How to use Robots.txt

The preferred way of preventing parts of your site from being indexed is to use the Control Center page exclusion mechanism. This is covered in How to Exclude Pages from Search. You should read that "how to" first. The only reason you might need to use a robots.txt file is if you want to prevent someone else from using this search engine to index your site.

Contents Overview Examples Reference A "robots.txt" file is a text file placed on your server which contains a list of robots and "disallows" for those robots. Each disallow will prevent any address that starts with the disallowed string from being accessed.

This tutorial is not a web/html primer and assumes that you already know how the process of "web surfing" is accomplished (i.e. a browser requests a page from a server which then returns the page to be viewed), what an HTML "form" is and how it works, and what a link "target" is. If you are not familiar with these concepts please read a basic web/html primer.

Overview

Using a robots.txt file is easy, but does require access to your server's root location. For instance, if your site is located at:

		http://example.com/mysite/index.html

you will need to be able to create a file located here:

		http://example.com/robots.txt

If you cannot access your server's root location you will not be able to use a robots.txt file to exclude pages from your index.
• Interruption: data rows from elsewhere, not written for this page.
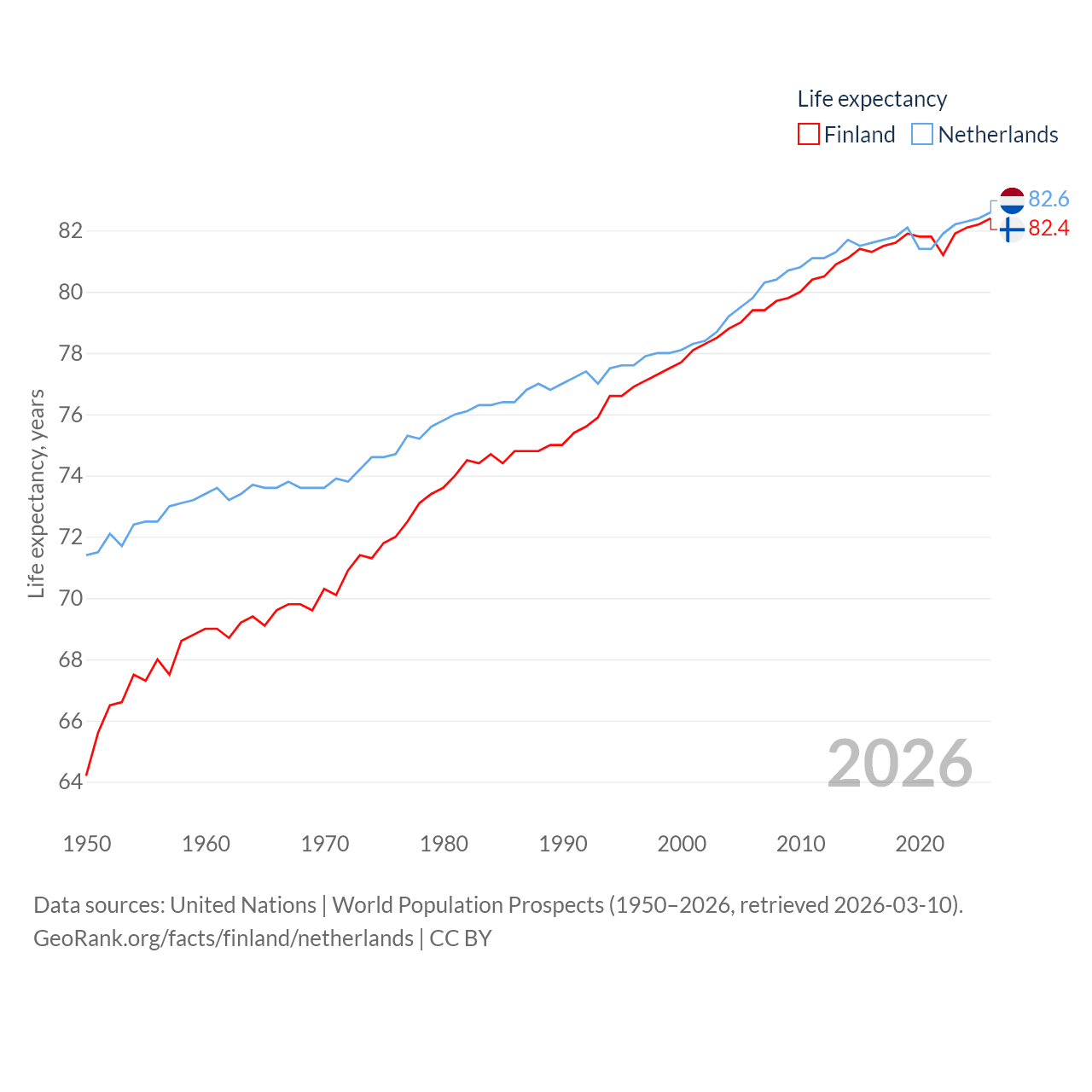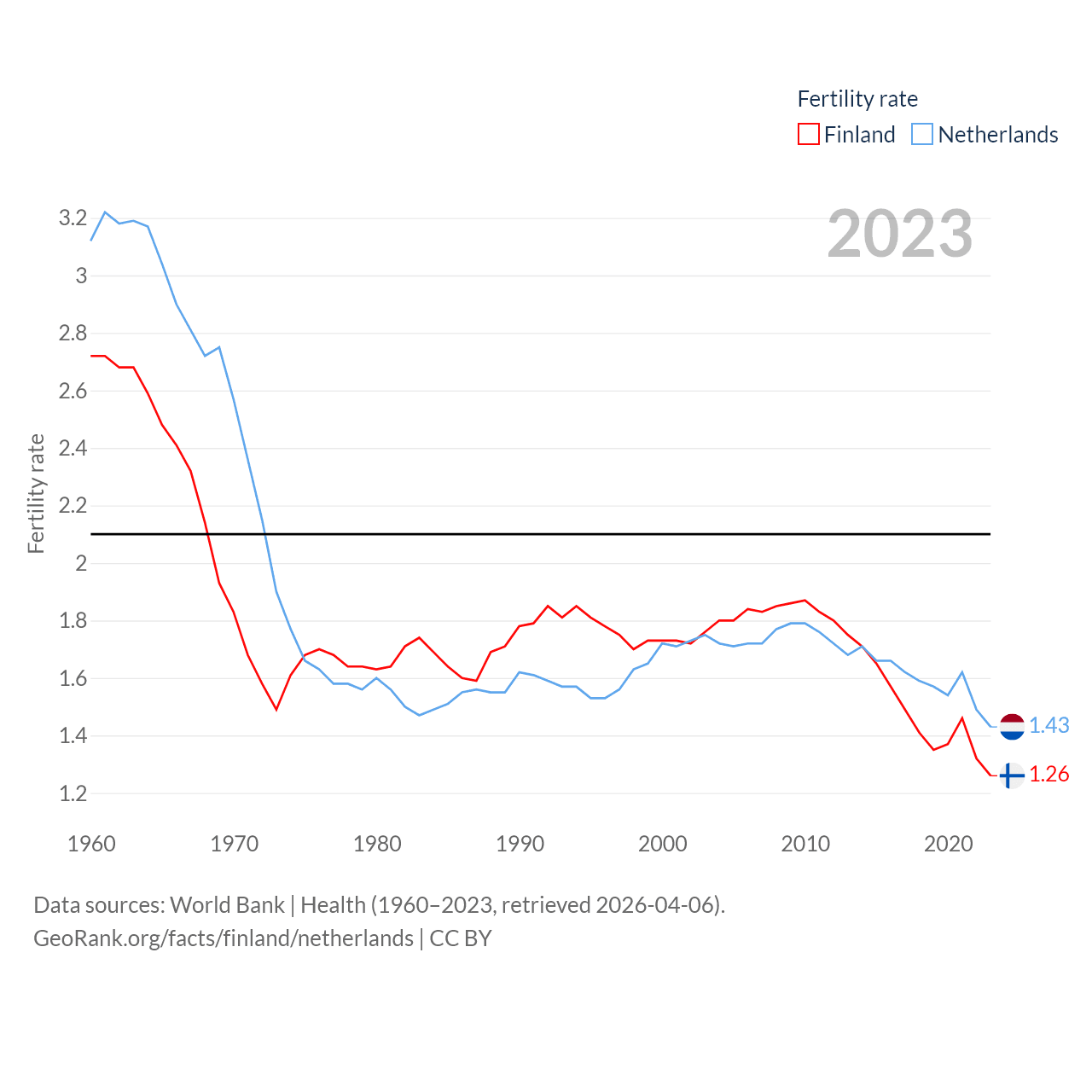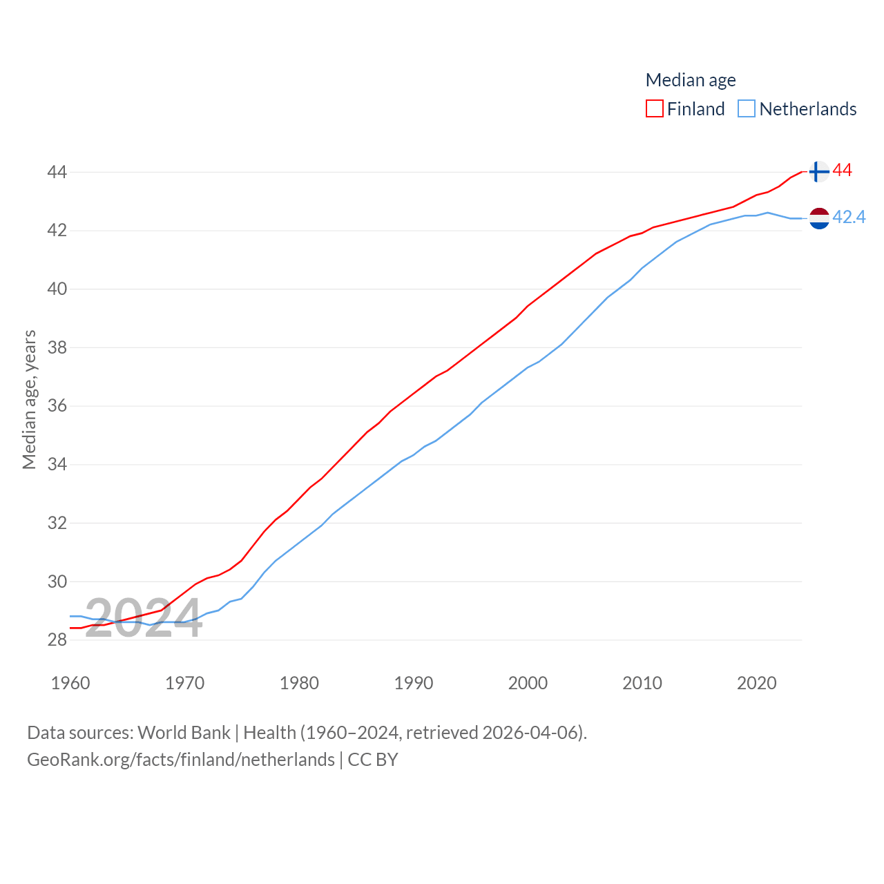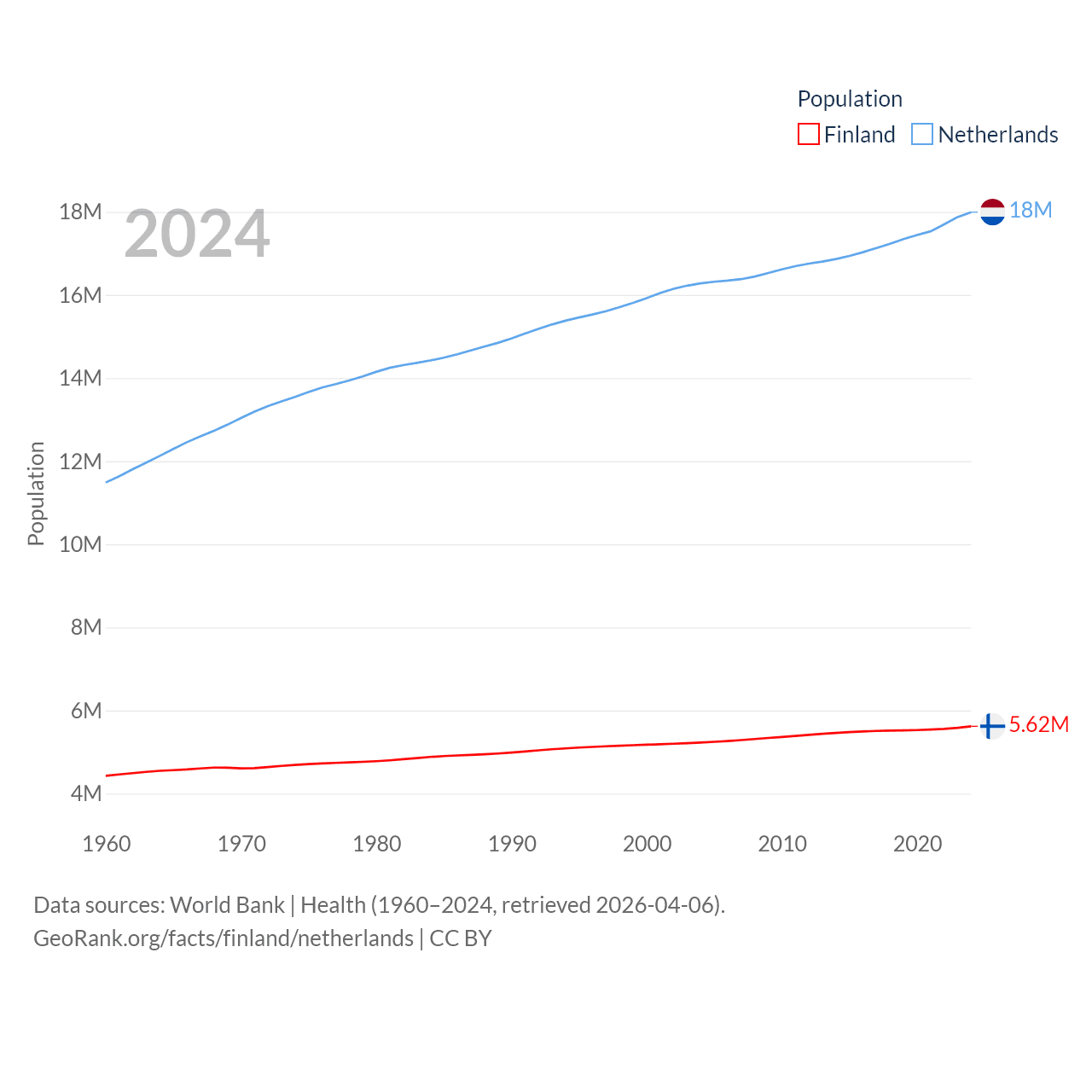 Finland has a population of 5.62M (ranked 116/197), compared with 18M in The Netherlands (ranked 72/197). Finland's land area is 117,360 sq mi versus 13,000 sq mi for The Netherlands (ranked 70th vs. 134th).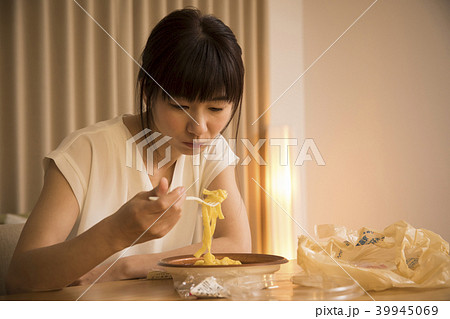 会社のデスクでナポリタンパスタを食べるミドル女性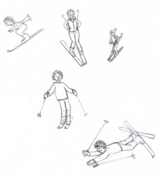 Skifahrer zu zeichnen, ist zie,lich schwierig. Weil man immer aufpassen muss, wo wird jetzt die Hüfte rausgedrückt, auf welchem Ski ist die Belastung. Was ist mit dem Knie.
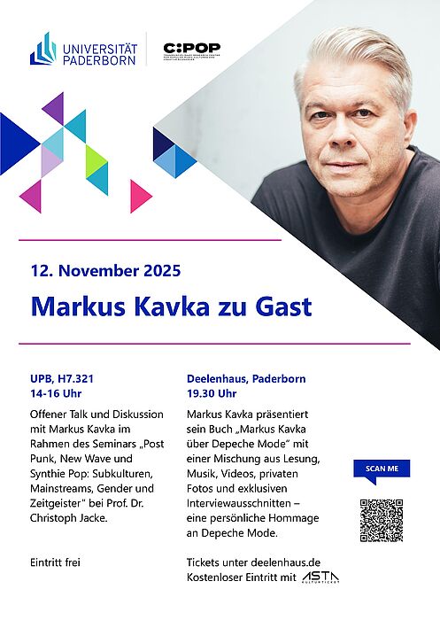 In the evening, Kavka will read from his book "Markus Kavka über Depeche Mode" at Deelenhaus Paderborn (Krämerstraße 8-10, 33098 Paderborn) from 7.30 to 9.30 pm. In addition to a classic reading, the former MTV presenter will combine passages from the book with songs by Depeche Mode as well as videos, private photos and excerpts from interviews he conducted with the band. Tickets for this event are available on the Deelenhaus website and cost 20 (regular) or ten euros (concessions). Paderborn University students receive free admission as part of the AStA culture ticket on presentation of their student ID.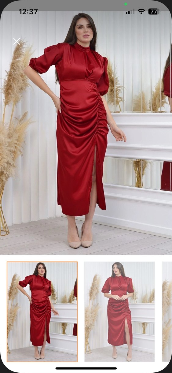 Kırmızı saten kumaştan, drapeli tasarımı vardır temiz kullanıldı herhangi bir sorunu yoktur bir kere kullanılmıştır

The robots.txt is a TEXT file (not HTML!) which has a section for each robot to be controlled. Each section has a user-agent line which names the robot to be controlled and has a list of "disallows" and "allows". Each disallow will prevent any address that starts with the disallowed string from being accessed. Similarly, each allow will permit any address that starts with the allowed string from being accessed. The (dis)allows are scanned in order, with the last match encountered determining whether an address is allowed to be used or not. If there are no matches at all then the address will be used.

Here's an example:

	   user-agent: FreeFind
	   disallow: /mysite/test/
	   disallow: /mysite/cgi-bin/post.cgi?action=reply
	   disallow: /a

In this example the following addresses would be ignored by the spider:

	   http://example.com/mysite/test/index.html
	   http://example.com/mysite/cgi-bin/post.cgi?action=reply&id=1
	   http://example.com/mysite/cgi-bin/post.cgi?action=replytome
	   http://example.com/abc.html

and the following ones would be allowed:

	   http://example.com/mysite/test.html
	   http://example.com/mysite/cgi-bin/post.cgi?action=edit
	   http://example.com/mysite/cgi-bin/post.cgi
	   http://example.com/bbc.html

It is also possible to use an "allow" in addition to disallows. For example:

	   user-agent: FreeFind
	   disallow: /cgi-bin/
	   allow: /cgi-bin/Ultimate.cgi
	   allow: /cgi-bin/forumdisplay.cgi

This robots.txt file prevents the spider from accessing every cgi-bin address from being accessed except Ultimate.cgi and forumdisplay.cgi.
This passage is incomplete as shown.